*EXERCISE BRIEF*:
Output must consist only of the lines of the material below from the one with "KGHM invested a" through the one with "Colourful pattern of", each reproduced exactly; no pictures belong in it.

*EXCERPTED RECORDS*:
::::
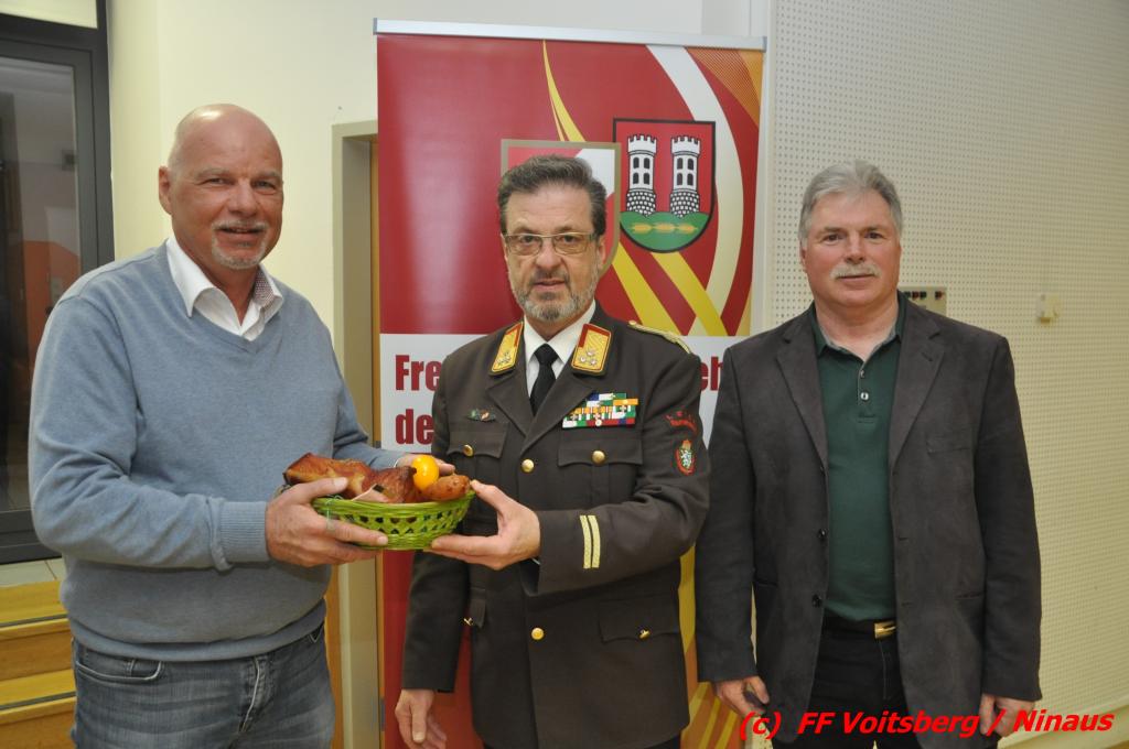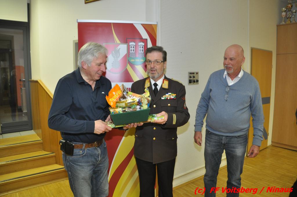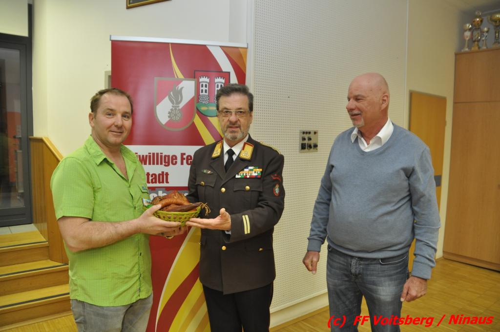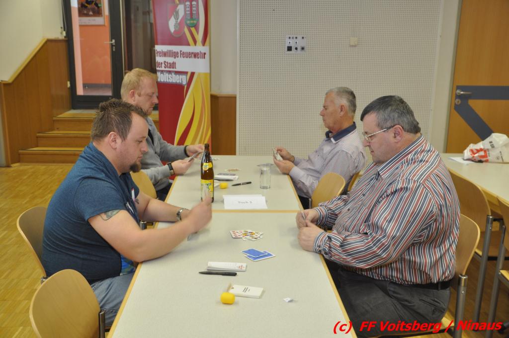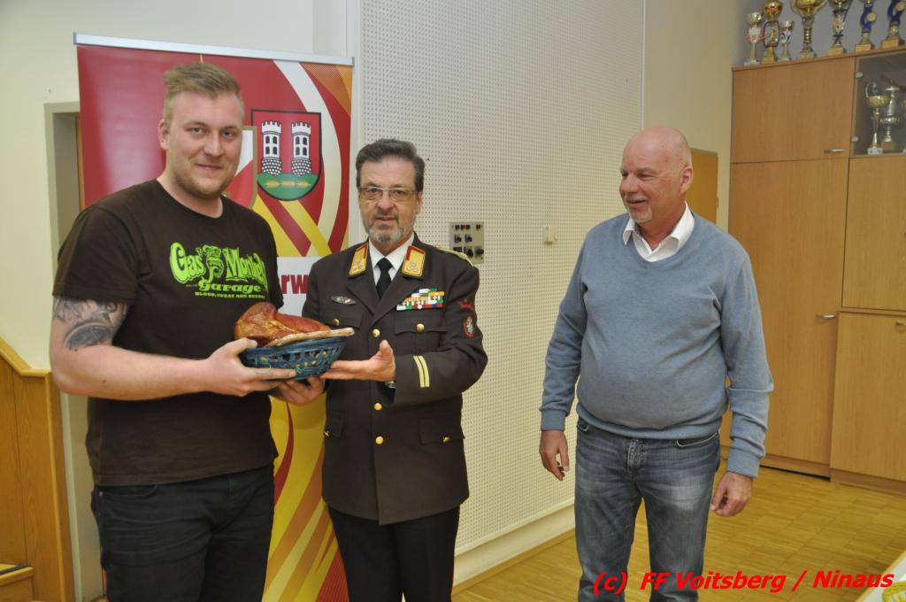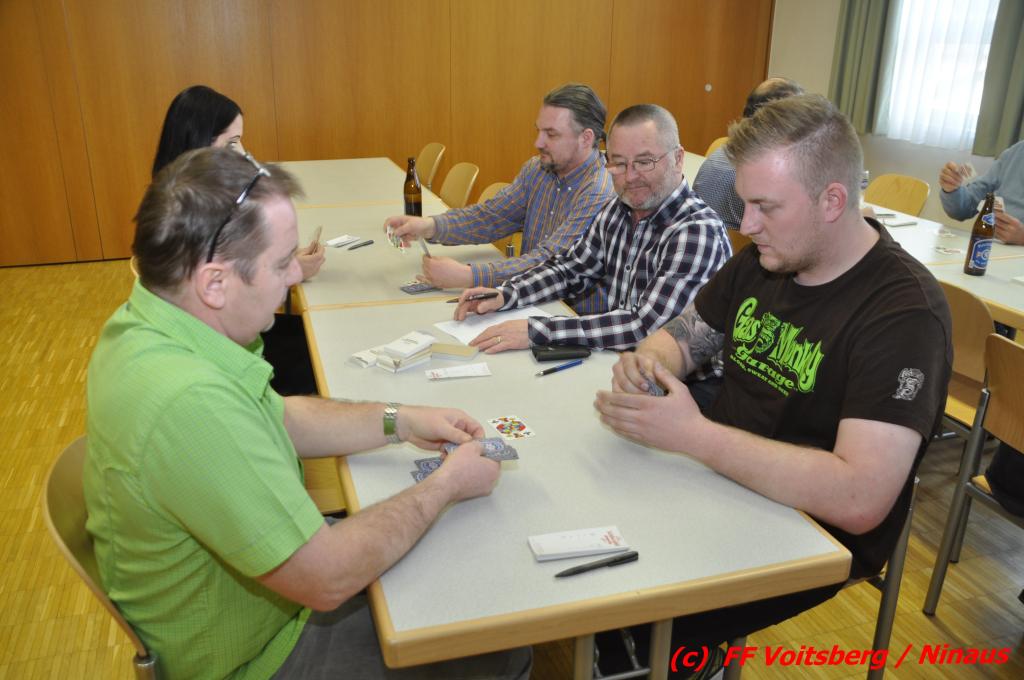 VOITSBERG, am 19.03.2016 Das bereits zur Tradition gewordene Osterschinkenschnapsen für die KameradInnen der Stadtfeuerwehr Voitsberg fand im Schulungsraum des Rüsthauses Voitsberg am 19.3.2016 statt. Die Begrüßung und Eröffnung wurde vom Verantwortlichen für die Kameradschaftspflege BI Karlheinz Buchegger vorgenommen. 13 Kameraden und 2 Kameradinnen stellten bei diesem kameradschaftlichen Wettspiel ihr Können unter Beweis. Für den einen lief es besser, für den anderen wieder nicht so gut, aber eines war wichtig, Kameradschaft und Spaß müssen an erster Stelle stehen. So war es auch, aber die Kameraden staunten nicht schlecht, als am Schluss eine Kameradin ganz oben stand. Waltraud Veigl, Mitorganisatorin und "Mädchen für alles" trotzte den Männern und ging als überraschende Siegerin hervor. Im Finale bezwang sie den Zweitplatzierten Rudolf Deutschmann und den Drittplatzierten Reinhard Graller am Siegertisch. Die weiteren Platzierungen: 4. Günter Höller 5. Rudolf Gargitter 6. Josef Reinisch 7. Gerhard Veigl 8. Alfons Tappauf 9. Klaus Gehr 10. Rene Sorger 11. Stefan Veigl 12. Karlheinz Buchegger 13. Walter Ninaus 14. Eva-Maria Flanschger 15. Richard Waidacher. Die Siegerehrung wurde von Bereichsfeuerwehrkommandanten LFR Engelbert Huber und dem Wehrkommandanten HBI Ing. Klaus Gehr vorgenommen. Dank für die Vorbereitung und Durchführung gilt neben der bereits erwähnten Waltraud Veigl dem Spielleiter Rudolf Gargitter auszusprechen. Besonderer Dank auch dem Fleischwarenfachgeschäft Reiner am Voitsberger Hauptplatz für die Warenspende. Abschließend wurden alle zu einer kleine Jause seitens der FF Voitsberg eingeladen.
::::
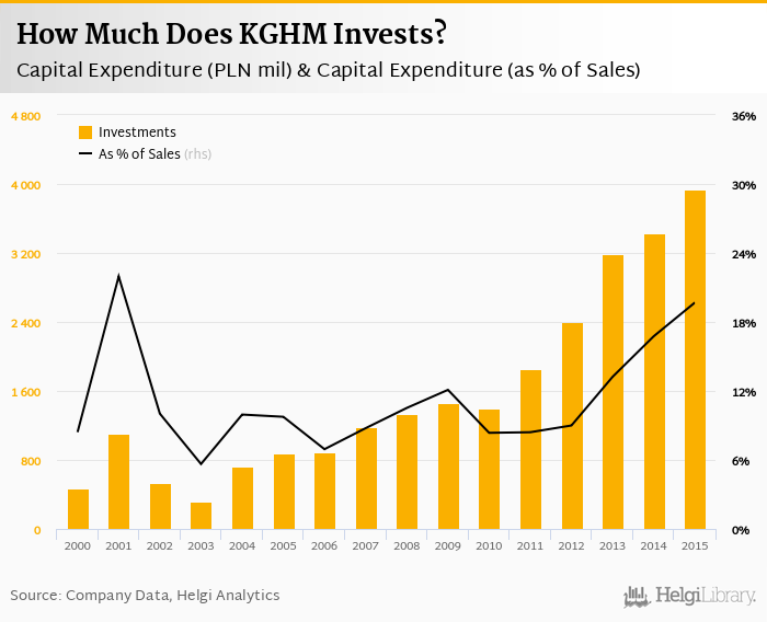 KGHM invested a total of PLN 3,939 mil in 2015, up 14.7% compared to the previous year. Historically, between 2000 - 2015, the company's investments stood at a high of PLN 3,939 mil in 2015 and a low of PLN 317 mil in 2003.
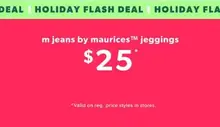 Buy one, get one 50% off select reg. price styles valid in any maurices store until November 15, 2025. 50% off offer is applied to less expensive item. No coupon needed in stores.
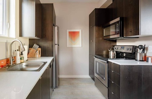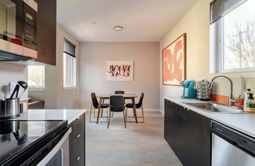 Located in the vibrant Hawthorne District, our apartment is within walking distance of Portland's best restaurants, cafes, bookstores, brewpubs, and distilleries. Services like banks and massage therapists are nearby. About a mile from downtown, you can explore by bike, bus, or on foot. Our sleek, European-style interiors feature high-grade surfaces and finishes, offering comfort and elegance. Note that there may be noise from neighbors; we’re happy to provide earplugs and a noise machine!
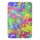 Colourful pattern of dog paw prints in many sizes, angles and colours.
::::
*TASK OUTPUT*:
 KGHM invested a total of PLN 3,939 mil in 2015, up 14.7% compared to the previous year. Historically, between 2000 - 2015, the company's investments stood at a high of PLN 3,939 mil in 2015 and a low of PLN 317 mil in 2003.
 Buy one, get one 50% off select reg. price styles valid in any maurices store until November 15, 2025. 50% off offer is applied to less expensive item. No coupon needed in stores.
 Located in the vibrant Hawthorne District, our apartment is within walking distance of Portland's best restaurants, cafes, bookstores, brewpubs, and distilleries. Services like banks and massage therapists are nearby. About a mile from downtown, you can explore by bike, bus, or on foot. Our sleek, European-style interiors feature high-grade surfaces and finishes, offering comfort and elegance. Note that there may be noise from neighbors; we’re happy to provide earplugs and a noise machine!
 Colourful pattern of dog paw prints in many sizes, angles and colours.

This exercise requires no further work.